Had a late morning and worked literally straight through my waking hours. I managed to get my reviews done, but couldn’t do the next step page which is a review section.
Niiiice. Thanks for sharing. Your wife is the best lol.
Because it’s boring AF, doesn’t sell well, and many people don’t like school lol. It’s hard to self-discipline, especially in the beginning when it’s all just a hazy mental fog and a bunch of sticks in your mind lol. I’m with you, though, it’s so blindingly obvious I can’t believe I didn’t recognize the common sense earlier.
Drilling in the way you described has better results for me, too. I decided to use SRS as a supplement to drilling and not as a study deck or anything.
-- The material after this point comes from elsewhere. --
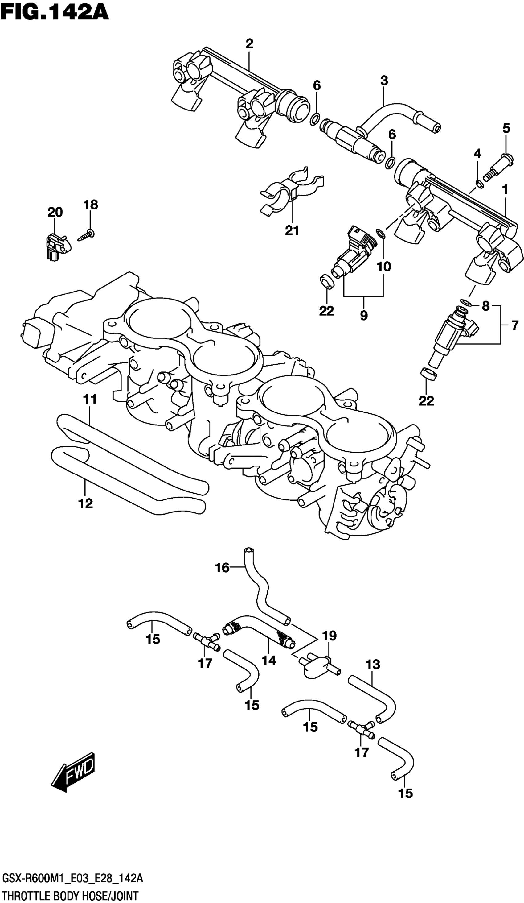Suzuki GSX-R600M1 (2021) THROTTLE BODY HOSE/JOINT ((E03,E28)) Diagram
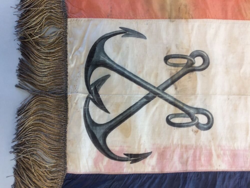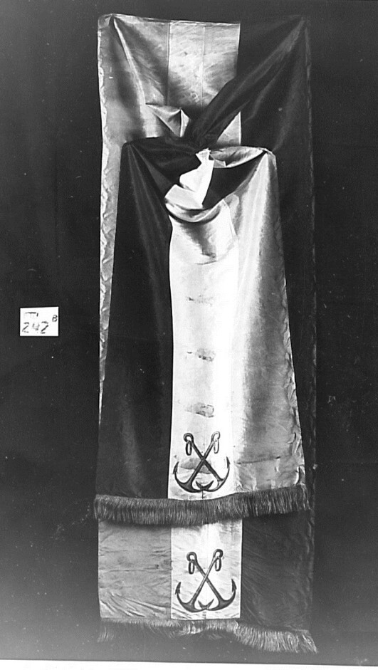 Grote zijden sjerp met gouden franje in de nationale kleuren, gedragen door de vice admiraal Sikke Sleeswijk

SRS for kanji cards because kanji is a long term play and that’s the whole point of SRS. And the only other deck is a review deck for things I got wrong while drilling. When reviewing, I mark it either easy or wrong to keep the numbers down. I can scale up and drill like nuts if I need to without killing myself with SRS.
My condolences to you as we both know too well what a pain this process is haha. At least brute forcing vocab does help learning kanji go by a lot easier once you start to focus on it. And I’ve gotta say, we really should be proud of how far we came and are still continuing forward. I hadn’t really thought about truly how much effort I’ve put into this language until talking to you about this lol. Most people give up way before going through that much of a struggle. Keep it up!